**Exercise inputs:**
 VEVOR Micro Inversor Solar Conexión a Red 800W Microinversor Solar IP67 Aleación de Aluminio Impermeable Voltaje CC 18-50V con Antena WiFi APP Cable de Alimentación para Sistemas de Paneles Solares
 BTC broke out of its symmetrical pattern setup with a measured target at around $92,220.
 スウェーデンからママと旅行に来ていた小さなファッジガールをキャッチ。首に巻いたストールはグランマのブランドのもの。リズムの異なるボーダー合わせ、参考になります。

---

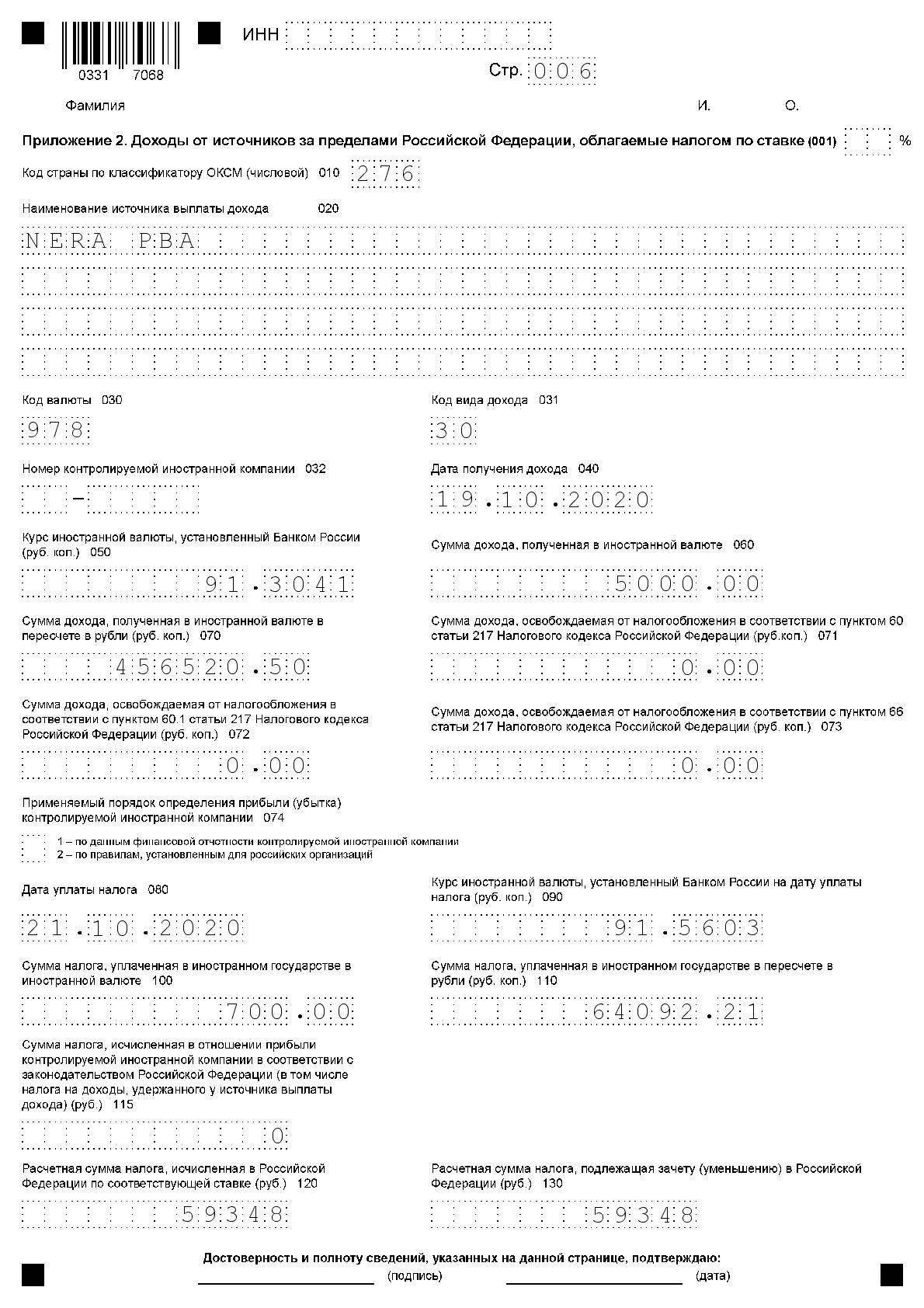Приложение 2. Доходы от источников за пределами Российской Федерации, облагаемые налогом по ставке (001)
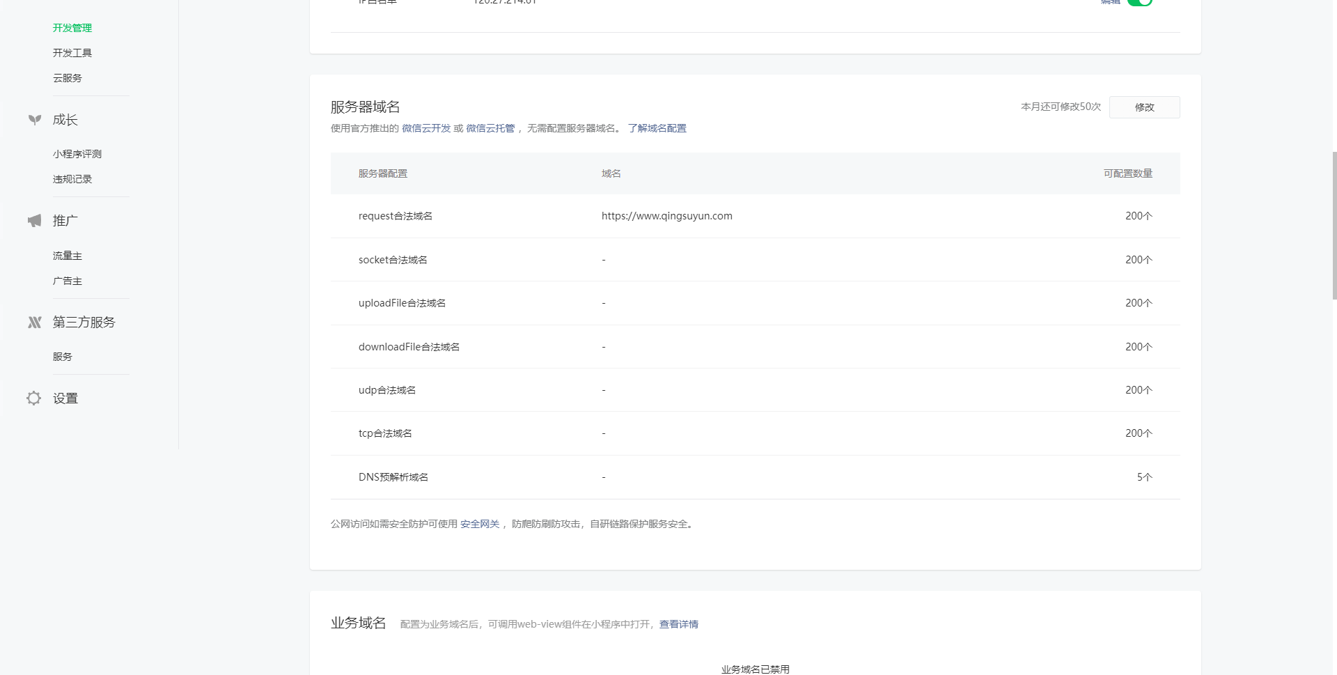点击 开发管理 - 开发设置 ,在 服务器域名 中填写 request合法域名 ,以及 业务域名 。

**Exercise brief:**
Give again the stretch of the entries above that begins at the line with "Приложение 2. Доходы" and ends at the line with "点击 开发管理 - 开发设置", word for word, with no pictures.

**The completed task:**
Приложение 2. Доходы от источников за пределами Российской Федерации, облагаемые налогом по ставке (001)
点击 开发管理 - 开发设置 ,在 服务器域名 中填写 request合法域名 ,以及 业务域名 。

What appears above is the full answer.